The thread in the Pit about attitutdes towards Muslims (“Jesus Christ, this anti-Muslim shit scares me”) reminded me that the CBC is starting a comedy series next month, looking at a Muslim community in a small Canadian Prairie town: CBC Looks for Comedy at Prairie Mosque. It sounds like it might be interesting, and may be an interesting counter-weight to some of the anti-Muslim paranoia floating about.
The write/producer, Zarqa Nawaz, is a local Saskatchewan film-maker - I’ve heard her speak and seen one of her early short films, BBQ Muslims, which I thought was funny. I’m looking forward to seeing if she can carry it off in a main-stream comedy series.
And if it really takes off, maybe she and Brent Butt can collaborate on a cross-over piece with Corner Gas, another Saskatchewan comedy series.
Look people, we all feel badly for how Muslims are perceived but this is going to be on CBC so it’s not like it’s going to be entertaining. Let’s be realistic here.
The one where they’re curling did it for me - I’m going to watch it at least a couple of times to see what it can do.

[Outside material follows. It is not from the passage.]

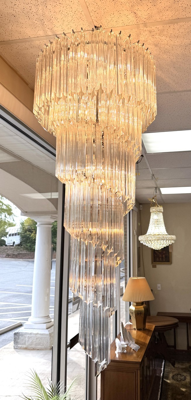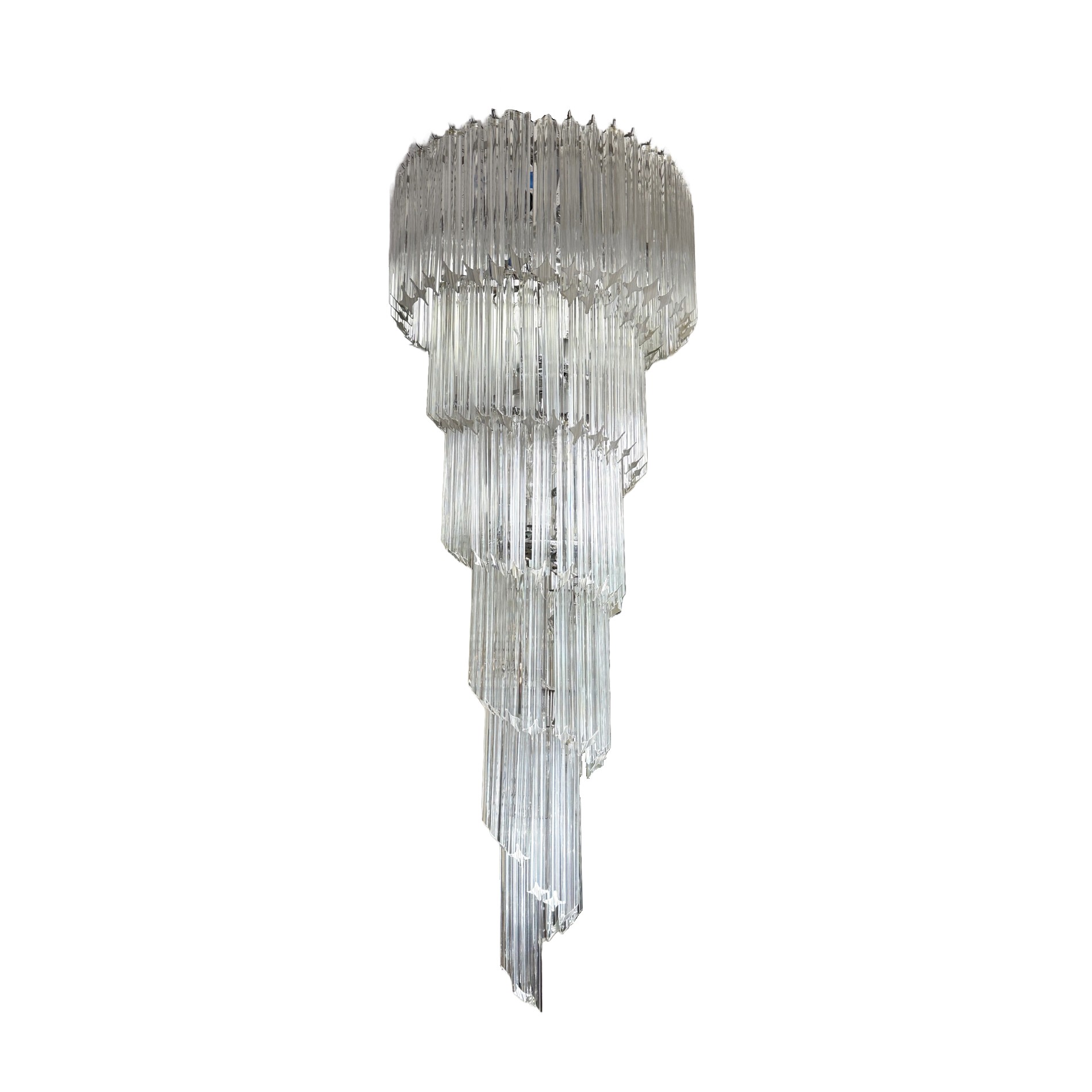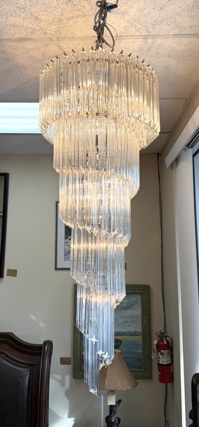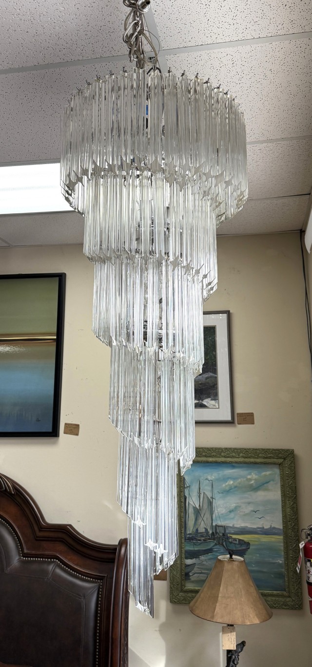 This Large Ornate Spiral Crystal Chandelier features cascading tiers of faceted glass prisms arranged in a dramatic swirling design that captures and reflects light beautifully. The elongated clear crystals create an elegant waterfall effect, producing a stunning play of brilliance from every angle. Perfect for grand entryways or dining spaces, this chandelier combines modern glamour with timeless sophistication.

Corner Gas has really taken off; it’d be nice for the CBC to have another good show on the air.
If you went by promos and trailers you’d have to conclude everything is funny and/or exciting.
It’s a one-joke concept, really, and unless the characters and writing are strong enough that the show would survive WITHOUT that one joke, it ain’t gonna make it. I was disheartened to see the promo recycle the ancient prostitute/Protestant joke.
I agree, RickJay - like any good sit com, the sit is just the starting point - it has to be well written and funny to survive, or else it’s just an idea that was funny at the development stageand will be canned quickly. (I remember having the same feeling about Corner Gas when it was announced, and then was bothered that the first scene in the first episode just seemed to be playing to stereotype, with flatness jokes. But that turned out to be Brent Butt’s way of setting the scene by laughing at the stereotype.)
However, even if Little Mosque flops, it’s worth noting that Ms Nawaz and the CBC are willing to take a risk on a potentially sensititive topic (how Muslims fit into Canadian society and remain Muslim), and to approach it with humour instead of either dead-serious-documentary-dourness or hysteria. I hope it does well.